A l’occasion de cette rencontre, les chefs d’Etat et de gouvernement ont adopté le plan d’action 2020-2024 en matière de sécurité. D’un budget d’environ deux milliards trois cents millions de dollars, ce plan d’actions vise à lutter contre le terrorisme dans la sous-région. Ils ont également examiné la question du terrorisme dans le Sahel. A cet effet, la Conférence a lancé un appel à l’Organisation des Nations Unies et au Conseil de sécurité de l’Onu.

Les chefs d’Etat ont également abordé la question de la libre circulation des personnes et des biens. Ils ont invité les Etats membres au respect du protocole de libre circulation et les pays qui ne sont pas à jour à se mettre au pas. Figurant parmi les quatre pays en règle, le Bénin a été salué pour les mesures prises dans le sens du respect des normes de libre circulation. La question de la fermeture des frontières nigérianes n’a pas été occultée.

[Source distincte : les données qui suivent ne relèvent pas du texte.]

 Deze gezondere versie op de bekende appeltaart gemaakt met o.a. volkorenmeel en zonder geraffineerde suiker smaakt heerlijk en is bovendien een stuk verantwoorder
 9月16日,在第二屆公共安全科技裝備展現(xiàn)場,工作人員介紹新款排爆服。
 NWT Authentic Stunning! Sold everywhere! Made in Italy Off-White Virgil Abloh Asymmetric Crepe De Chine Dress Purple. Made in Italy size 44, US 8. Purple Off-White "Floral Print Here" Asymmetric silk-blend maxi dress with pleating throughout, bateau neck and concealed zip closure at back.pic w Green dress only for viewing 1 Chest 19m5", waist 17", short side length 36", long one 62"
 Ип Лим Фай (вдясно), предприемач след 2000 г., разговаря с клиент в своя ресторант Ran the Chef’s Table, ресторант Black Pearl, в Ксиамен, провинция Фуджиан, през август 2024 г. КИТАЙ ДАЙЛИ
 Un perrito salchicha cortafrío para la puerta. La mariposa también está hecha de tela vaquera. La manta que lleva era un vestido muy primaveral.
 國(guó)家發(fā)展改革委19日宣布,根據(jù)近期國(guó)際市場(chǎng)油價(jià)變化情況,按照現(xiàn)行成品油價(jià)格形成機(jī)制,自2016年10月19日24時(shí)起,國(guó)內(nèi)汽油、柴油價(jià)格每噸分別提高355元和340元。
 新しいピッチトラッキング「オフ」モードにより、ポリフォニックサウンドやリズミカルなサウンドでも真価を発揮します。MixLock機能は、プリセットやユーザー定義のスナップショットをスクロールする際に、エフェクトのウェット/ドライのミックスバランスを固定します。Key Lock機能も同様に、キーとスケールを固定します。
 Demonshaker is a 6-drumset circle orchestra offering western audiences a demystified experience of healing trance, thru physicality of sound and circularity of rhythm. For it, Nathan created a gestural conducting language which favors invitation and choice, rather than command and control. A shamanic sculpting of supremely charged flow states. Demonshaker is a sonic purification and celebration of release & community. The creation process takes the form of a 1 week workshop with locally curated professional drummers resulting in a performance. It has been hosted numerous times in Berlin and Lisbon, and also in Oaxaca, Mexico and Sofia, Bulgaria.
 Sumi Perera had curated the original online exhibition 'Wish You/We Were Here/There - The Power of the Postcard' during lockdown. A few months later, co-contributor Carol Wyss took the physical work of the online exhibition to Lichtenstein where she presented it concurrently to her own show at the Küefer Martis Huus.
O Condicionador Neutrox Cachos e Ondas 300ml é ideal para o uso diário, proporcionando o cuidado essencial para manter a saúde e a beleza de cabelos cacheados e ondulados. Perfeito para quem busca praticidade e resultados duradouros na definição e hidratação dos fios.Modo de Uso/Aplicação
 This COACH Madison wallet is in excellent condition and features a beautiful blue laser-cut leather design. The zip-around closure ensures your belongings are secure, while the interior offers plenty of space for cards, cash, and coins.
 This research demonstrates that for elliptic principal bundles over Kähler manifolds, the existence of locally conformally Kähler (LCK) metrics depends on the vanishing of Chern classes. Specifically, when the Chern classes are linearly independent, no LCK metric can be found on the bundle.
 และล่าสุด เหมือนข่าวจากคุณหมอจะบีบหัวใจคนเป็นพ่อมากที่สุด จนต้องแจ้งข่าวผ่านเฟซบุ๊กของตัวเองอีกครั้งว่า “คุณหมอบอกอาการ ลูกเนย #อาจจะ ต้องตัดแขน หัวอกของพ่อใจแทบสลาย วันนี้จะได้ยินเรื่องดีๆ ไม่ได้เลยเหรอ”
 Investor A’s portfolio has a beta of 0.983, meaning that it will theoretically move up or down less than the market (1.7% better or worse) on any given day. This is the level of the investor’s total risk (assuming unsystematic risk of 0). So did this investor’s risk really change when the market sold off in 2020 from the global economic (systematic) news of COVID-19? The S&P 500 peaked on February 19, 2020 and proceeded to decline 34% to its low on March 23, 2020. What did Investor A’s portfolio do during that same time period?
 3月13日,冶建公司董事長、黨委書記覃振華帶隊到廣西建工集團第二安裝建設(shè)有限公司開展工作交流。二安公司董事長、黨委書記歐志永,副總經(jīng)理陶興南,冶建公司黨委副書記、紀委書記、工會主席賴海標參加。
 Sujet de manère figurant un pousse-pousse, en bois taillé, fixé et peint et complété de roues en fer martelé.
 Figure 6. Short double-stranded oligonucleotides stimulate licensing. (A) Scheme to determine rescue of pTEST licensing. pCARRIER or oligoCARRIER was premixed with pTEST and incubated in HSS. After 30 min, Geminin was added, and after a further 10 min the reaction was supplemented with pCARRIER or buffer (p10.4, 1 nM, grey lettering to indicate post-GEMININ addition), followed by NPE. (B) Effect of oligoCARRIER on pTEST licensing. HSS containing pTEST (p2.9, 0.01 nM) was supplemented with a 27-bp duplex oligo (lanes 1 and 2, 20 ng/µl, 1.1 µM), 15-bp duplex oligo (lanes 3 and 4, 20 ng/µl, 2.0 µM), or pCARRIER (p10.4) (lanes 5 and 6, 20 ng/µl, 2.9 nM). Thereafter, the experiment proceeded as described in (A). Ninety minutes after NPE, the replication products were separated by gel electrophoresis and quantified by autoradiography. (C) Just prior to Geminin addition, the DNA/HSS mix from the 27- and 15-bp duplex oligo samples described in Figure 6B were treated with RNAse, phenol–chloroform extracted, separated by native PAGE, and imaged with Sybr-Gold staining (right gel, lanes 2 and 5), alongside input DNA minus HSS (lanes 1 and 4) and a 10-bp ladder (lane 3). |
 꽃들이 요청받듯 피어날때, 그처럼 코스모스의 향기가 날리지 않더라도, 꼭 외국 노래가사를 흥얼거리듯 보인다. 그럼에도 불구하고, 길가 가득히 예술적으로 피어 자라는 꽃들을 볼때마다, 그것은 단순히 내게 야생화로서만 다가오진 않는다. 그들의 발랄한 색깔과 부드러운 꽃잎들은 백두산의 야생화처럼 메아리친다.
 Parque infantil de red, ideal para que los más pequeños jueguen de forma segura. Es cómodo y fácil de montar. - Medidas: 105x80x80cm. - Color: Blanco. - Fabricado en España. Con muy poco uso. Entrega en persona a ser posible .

Plusieurs pays dont le Ghana et le Niger, tout aussi affectés que le Bénin, ont réagi sur la question. La Conférence a alors invité au respect du protocole de libre circulation. Le rapport des mécanismes de sécurité mis en place par les pays voisins sera transmis pour que le Nigeria offre une réponse à la situation. Concernant la monnaie unique, l’Eco qui était également au cœur des préoccupations à ce sommet, il faut souligner que le symbole de la monnaie a été adopté et la dénomination de la banque est «La Banque centrale de l’Afrique de l’Ouest».